标签: python python-2.7

是否可以从读取模式文件中删除重复的行? 不改变文件名。

请任何人帮助我

2 个答案:

答案 0 :(得分:1)

如果文件在读取模式下打开,则无法追加或编辑,请在“写入”模式下重新打开文件。请参阅此前文章:

How might I remove duplicate lines from a file?

答案 1 :(得分:0)

我之前做过类似的事情。下面的代码可用于搜索带有新字符串的旧字符串的所有实例(在给定路径中的任何文件中)。这可以适用于搜索重复的字符串,而不是搜索发送的特定文本。
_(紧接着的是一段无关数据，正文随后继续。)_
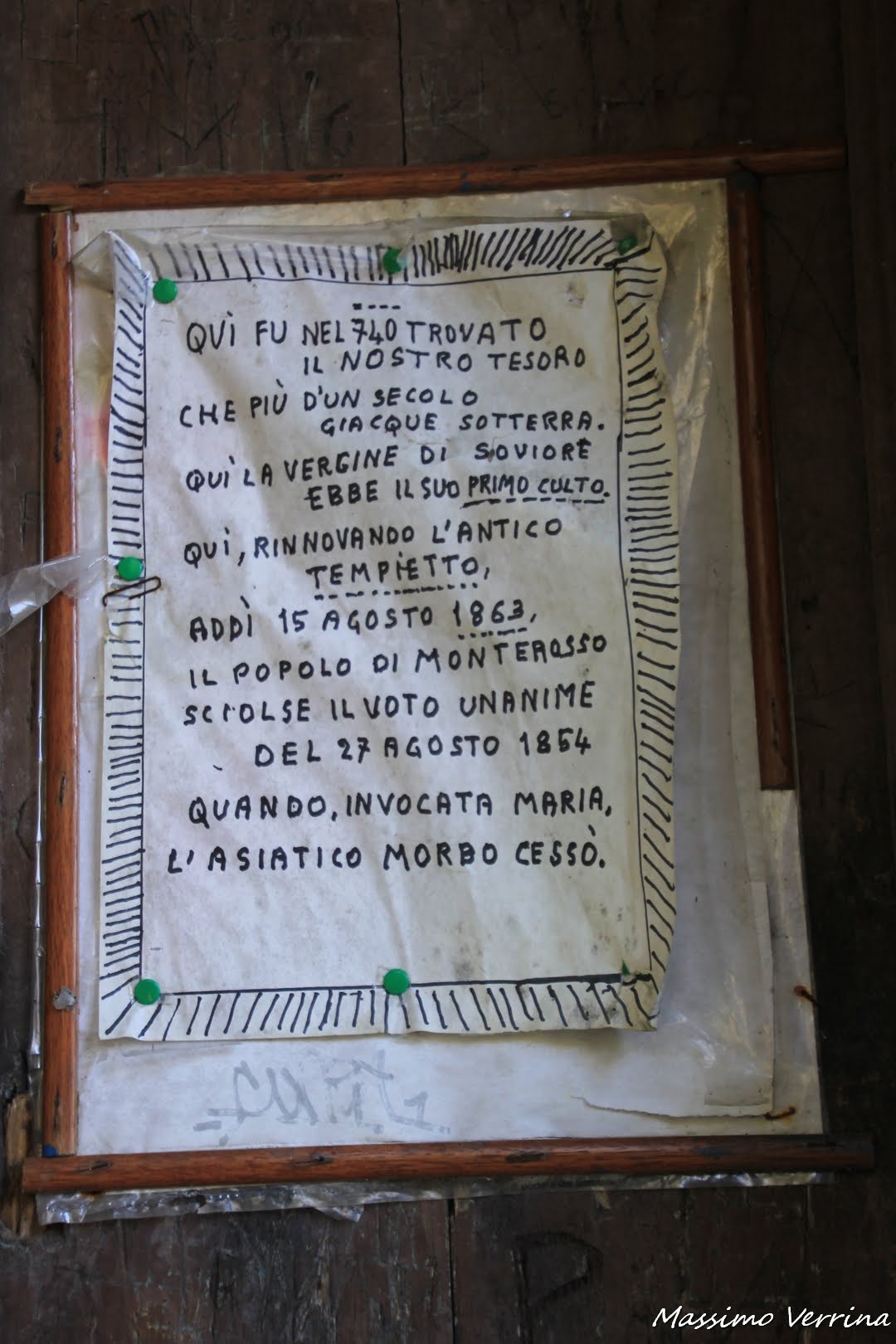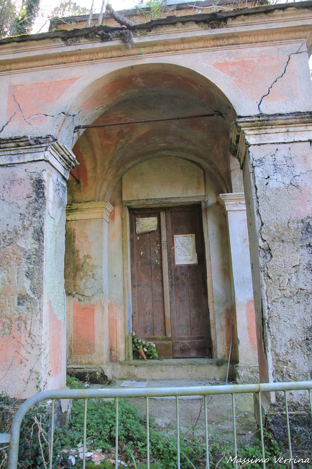 il sito storico è transennato, il pericolo di crolli è alto ed è vietato avvicinarsi alla struttura, tuttavia un cartello sulla porta attira la mia curiosità, mi avvicino per vedere di cosa si tratta….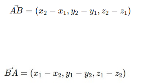 Não, os vetores AB⃗ e BA⃗ não são iguais, mesmo sendo definidos pelos mesmos pontos AB. São vetores opostos. Explicação: · O vetor AB⃗, definido pelos pontos A(x1,y1,z1) e B(x2,y2,z2), é obtido subtraindo as coordenadas de A das de B: Ele aponta de A para B. · O vetor BA⃗, mostrado pelos mesmos pontos, é obtido subtraindo as coordenadas de B das de A: Ele aponta de B para A. image1.png image2.png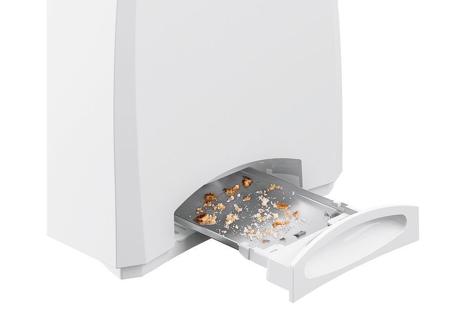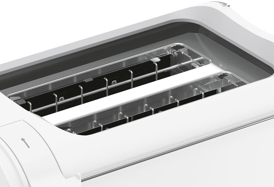 elektronische Bräunungsgradkontrolle mit 6 Bräunungsstufen, inkl. Aufknusper- und Stoppfunktion, 2 Toastschlitze, Variotechnik (zentriert Brotscheiben ihrer Dicke entsprechend), Hebe-Funktion zur sicheren Entnahme kleiner Brotscheiben, integrierter Brötchenaufsatz, automatische Abschaltung bei Verklemmen einer Brotscheibe, Krümelschublade, wärmeisoliertes Gehäuse, 700 Watt, Schukostecker CEE 7/7·weiß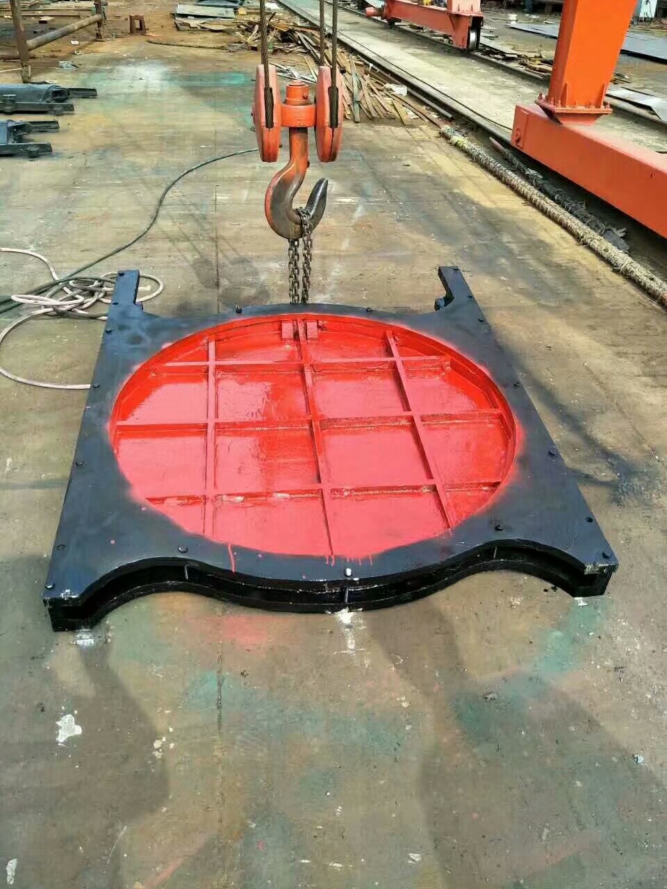 圓閘門由門框、閘板、導(dǎo)軌、密封條、可調(diào)整密封機(jī)構(gòu)等部件組成。具有結(jié)構(gòu)簡(jiǎn)單,密封性能好,耐磨性強(qiáng),操作簡(jiǎn)單,安裝方便,使用壽命長(zhǎng),規(guī)格齊全,適用性廣等特點(diǎn)。(該系列產(chǎn)品鑄造時(shí)可以根據(jù)客戶需要加鑲銅或單雙向止水)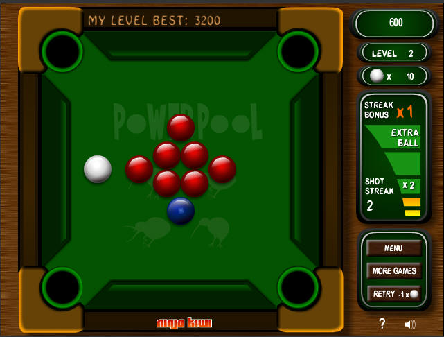 기본적으로는 당구입니다. 하얀 공 위에 마우스 커서를 갖다 대고, 드랙으로 땅기며 힘 조절해 놓으면 되죠. 하얀 공이 구멍에 들어가면 라이프가 깎이고, 빨간 공 등을 넣으면 점수 올라가며 체인 개념의 샷 스트릭(Shot Streak)이 올라갑니다. 못 넣거나 하얀 공이 빠지면 샷 스트릭이 깨지는데, 샷 스트릭을 쌓으면 점수의 배수가 올라가며 일정 횟수에 추가 공(Extra Ball)이 주어지니 어지간하면 이으며 가는 것이 좋습니다. 한 샷에 여러 공을 넣으면, 그건 그것대로 추가 점수가 주어지고요.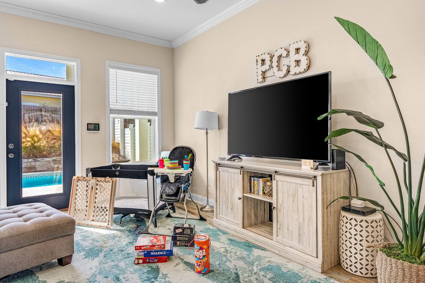 Guests must be 25 years of age or older or accompanied by a parent or adult that is 25 years or older and responsible for all guests, to rent and stay in the home. Driveway comfortably fits three to four smaller vehicles or two large SUVs or trucks. Stairs are required to access 3 of the 4 bedrooms. All linens (bed linens, towels, beach towels) are provided, with a washer and dryer in the home. To turn off the pool gate alarm, close the gate and hit the "Reset" button. To get through the gate in the future without the alarm going off, hold the "Pass" button. For the security of our guests and the safety of our home, we have external security cameras located at the front door and backyard. This home is professionally cleaned after every stay and high-touch surfaces are disinfected. Smoke/CO detectors, first aid kit on site and fire extinguishers on site.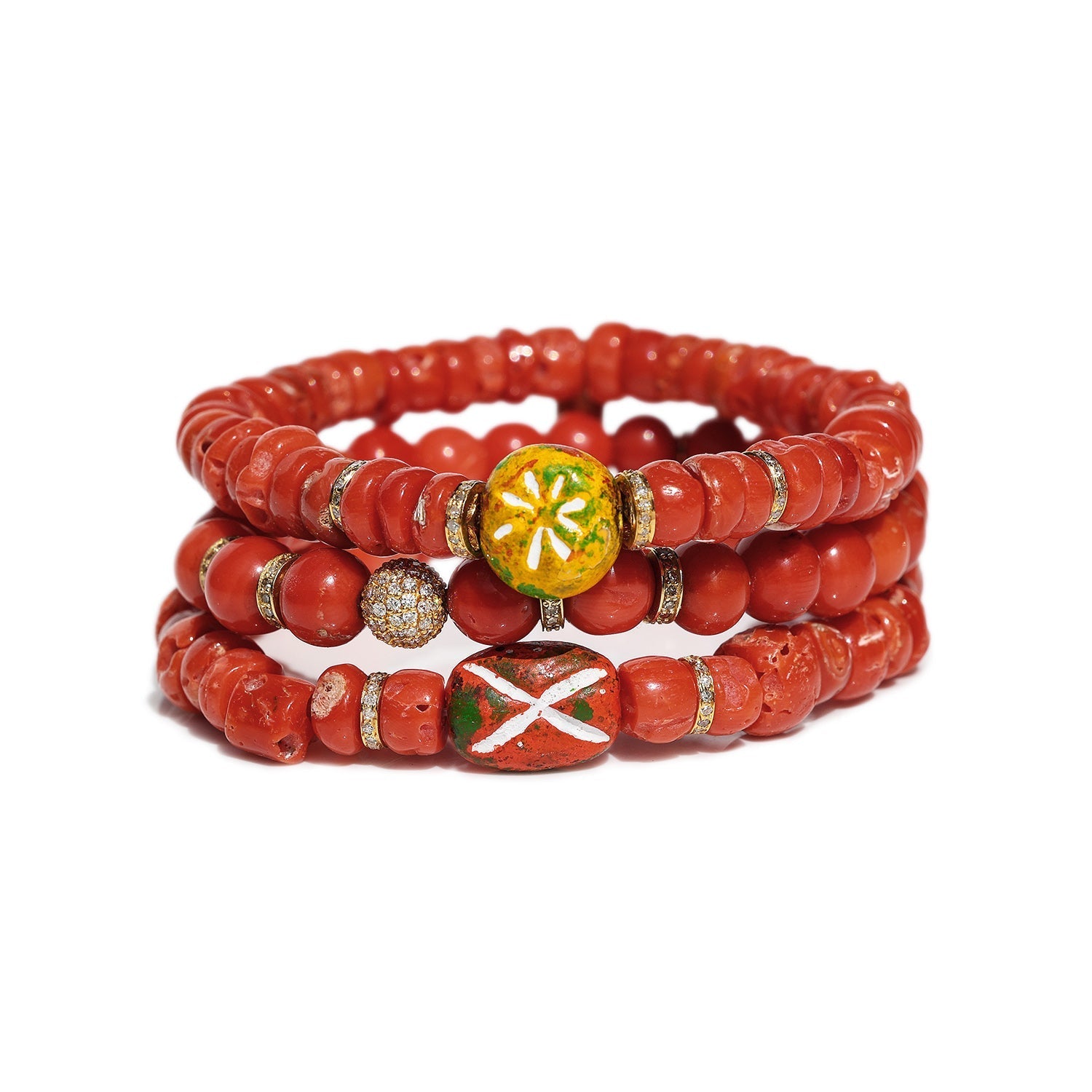 14k Antique Red Coral Beaded Bracelet with African Bead & Diamond Rondelles - One of a Kind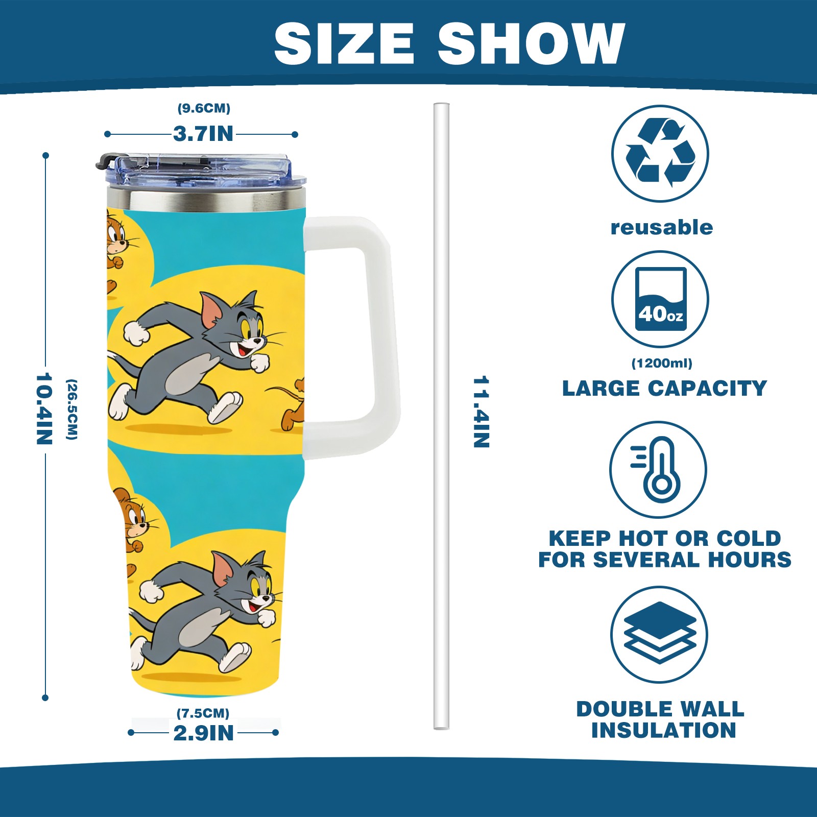 • С большой емкостью 40 унций, он обеспечивает вас гидратацией в течение всего дня, идеально подходит для воды, кофе, сока или других напитков. Эргономичный дизайн идеально вписывается в автомобильные держатели для бутылок, а прочный, герметичный колпачок предотвращает утечки во время передвижения. Путешествие. Антискользящее основание обеспечивает устойчивость, а гладкие поверхности делают уборку легкой — просто мойте вручную или кладите в посудомоечную машину (рекомендуется верхний поддон).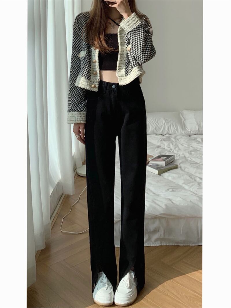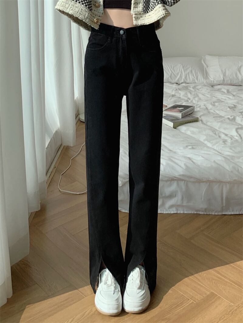 Slit jeans women's design sense niche spring 2022 new high-waisted slim black wide-leg pants trendy ins ブラック スプリング 春物 スリム s576129198910011
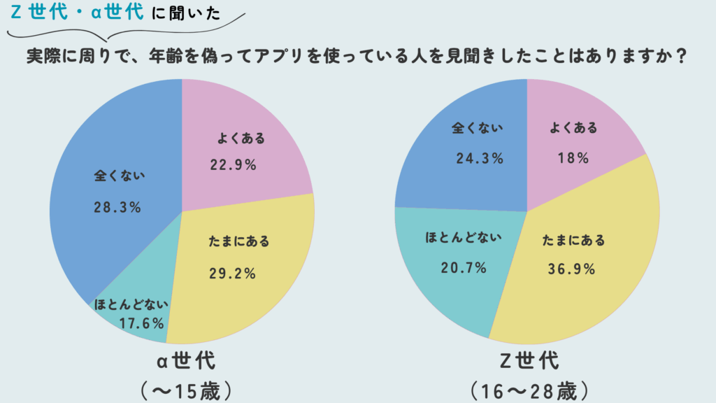 年齢を偽ってアプリを使っているひとを見聞きしたことがあるか

以下是现有程序的几个示例用法(来自命令行的示例调用):

示例1 - 如果名为example.txt的文件位于当前工作目录中:

python replace.py "old blerb" "new blerb" example.txt

示例2 - 如果要匹配另一个目录中的任何.sql文件(在本例中为当前用户文档目录):

python replace.py "old syntax" "new syntax" "%userprofile%\documents\*.sql"

Replace.py代码

#!/usr/bin/python

from tempfile import mkstemp
from shutil import move
import sys, os, fnmatch

# globals
debug_on = True

def replace(old_str, new_str, file_path):
    with open(file_path, "r+") as f:
        buf = f.readlines()
        f.seek(0)
        cnt = 0
        new = []
        for line in buf:
            if old_str in line:
                l = line.replace(old_str, new_str)
                cnt += 1
            else:
                l = line
            new.append(l)
        if cnt == 0:
            if debug_on:
                print "  no matches found in this file"
        else:
            f.truncate()
            for line in new:
                f.write(line)
            if debug_on:
                print "  "+str(cnt)+" matches replaced"
        f.close()

def get_files(f_str):
    d, ptrn = os.path.split(f_str)
    files = []
    for f in os.listdir(d):
        fx = os.path.split(f)[1]
        if fnmatch.fnmatch(fx, ptrn):
            if '\\' not in f and '/' not in f:
                new_file = os.path.join(d,f)
            else:
                new_file = f
            files.append(new_file)

    if len(files) == 0:
        print "No files found in this directory matching the pattern:", ptrn
        sys.exit()

    return files

def main():
    # check cmd line args provided...
    args = len(sys.argv) -1
    if args <> 3:
        print "\nUsage: python replace.py <old_str> <new_str> <file_path|pattern>\n"
        print "The file path will assume the current working directory if none " \
              "is given."
        print "Search is case-sensitive\n"
        print "Example 1 - if a file named example.txt is in your cwd:\n" \
              'python replace.py "old blerb" "new blerb" example.txt\n'
        print "Example 2 - if you wanted to match any .sql files in another directory:\n" \
              'python replace.py "old syntax" "new syntax" "%userprofile%\documents\*.sql"'
        raw_input("\n...press any key to exit")
        sys.exit()

    # identify files to be evaluated...
    f_str = sys.argv[3]
    if debug_on:
        print "f_str set to:", f_str

    # append path if required
    if '\\' not in f_str and '/' not in f_str:
        f_str = os.path.join(os.getcwd(),f_str)
        if debug_on:
            print "f_str adjusted to:", f_str

    # build list of files
    if '*' in f_str:
        files = get_files(f_str)
    else:
        files = [f_str]

    # do replacement for each file...
    for f in files:
        if debug_on:
            print "\nAbout to call replace, args:\n  ", sys.argv[1], sys.argv[2], f
        replace(sys.argv[1], sys.argv[2], f)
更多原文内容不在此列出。